You can refer to the original paper Get To The Point: Summarization with Pointer-Generator Networks to find out what is Pointer-Generator networks. For an intuitive overview of the paper, read the blog post.

The author has shared her implementation based on old seq2seq apis, you can find it here. I used the new seq2seq api, and test on tensorflow with version 1.4. I found some methods are changed in tf-1.7, so it won't work in tf-1.7.

Copy

The copy implementation is almost the same as the orginal code, and I create a new Decoder class. At each decode step, we calculate the p_gen and the extended final vocab distribution.

When I calculate the loss, I got NANs. After a painful debugging, I found out that it is because we have paddings in the input tokens, we will got 0 probability at those positions. If we use them to calculate log(p), then we will get INF values, and apply maskes to them will get NAN values.

Coverage

Since I want to use seq2seq apis, I have to read the source code of these apis and rewrite some classes. Thanks to the contributors of seq2seq, it's not difficult to add new features. I thought coverage should be easy to implement, but I was wrong. I need to rewrite the attention mechanism, the attention wrapper.

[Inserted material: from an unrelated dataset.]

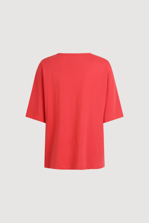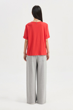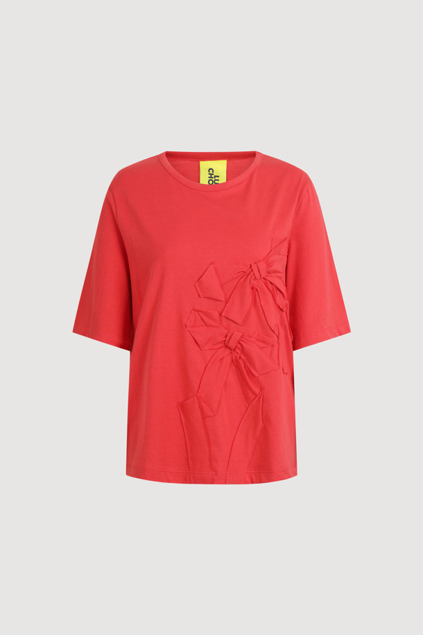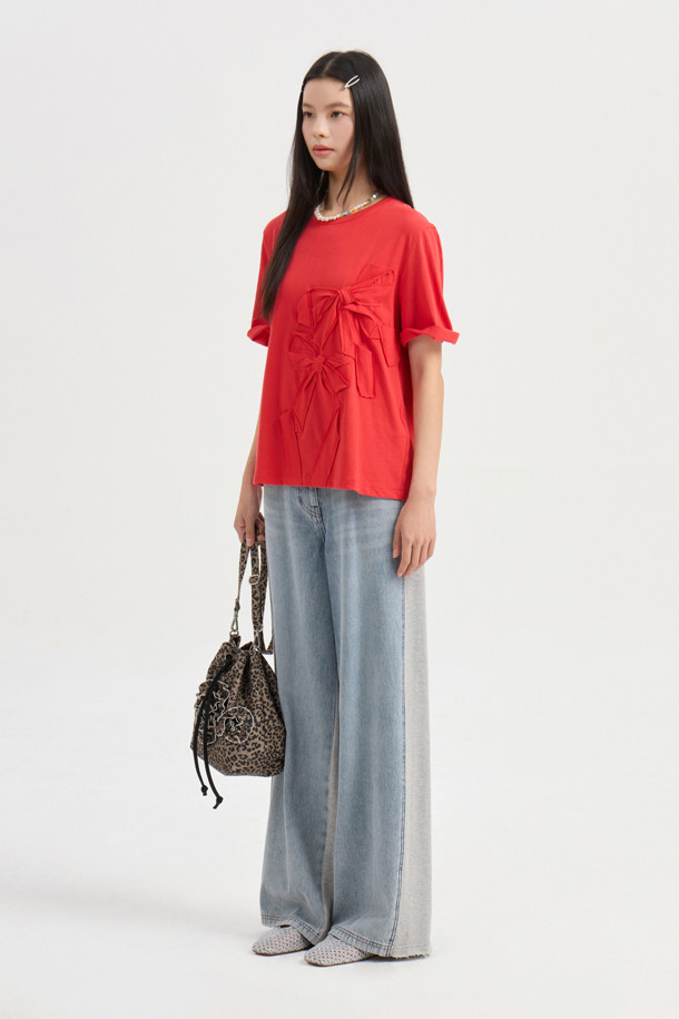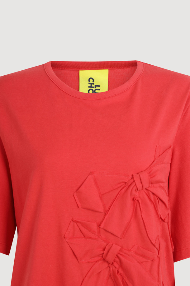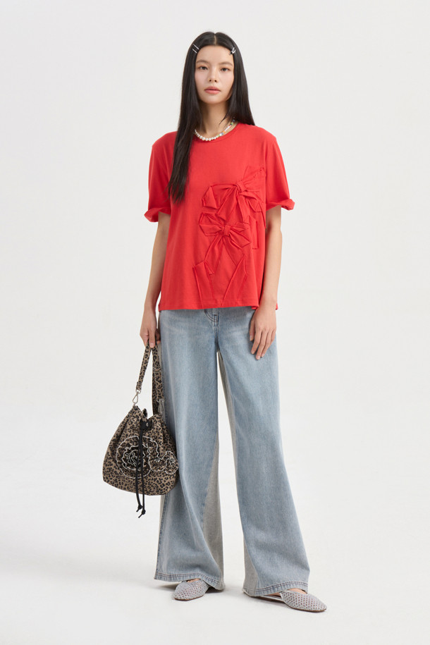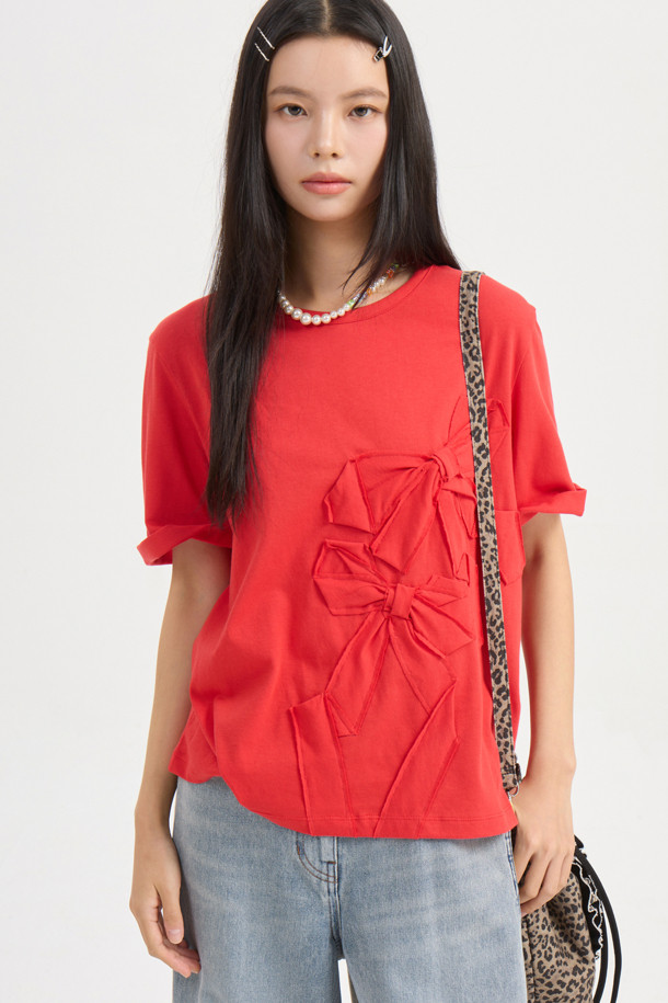 Ribbon Embroidery Basic Fit Half Sleeve T-shirt (red)

Tensorflow is a static graph, so the code doesn't run in the order you write. The while loop makes me want to die. I want to use pytorch now.

I don't have time to test coverage with large dataset right now. I only use the toy data to test the them, which works.

Beam search

Havn't got time to implement beam search. The beam search decoder is totally different from basic decoder. So I may not want to try to implement beam search in graph.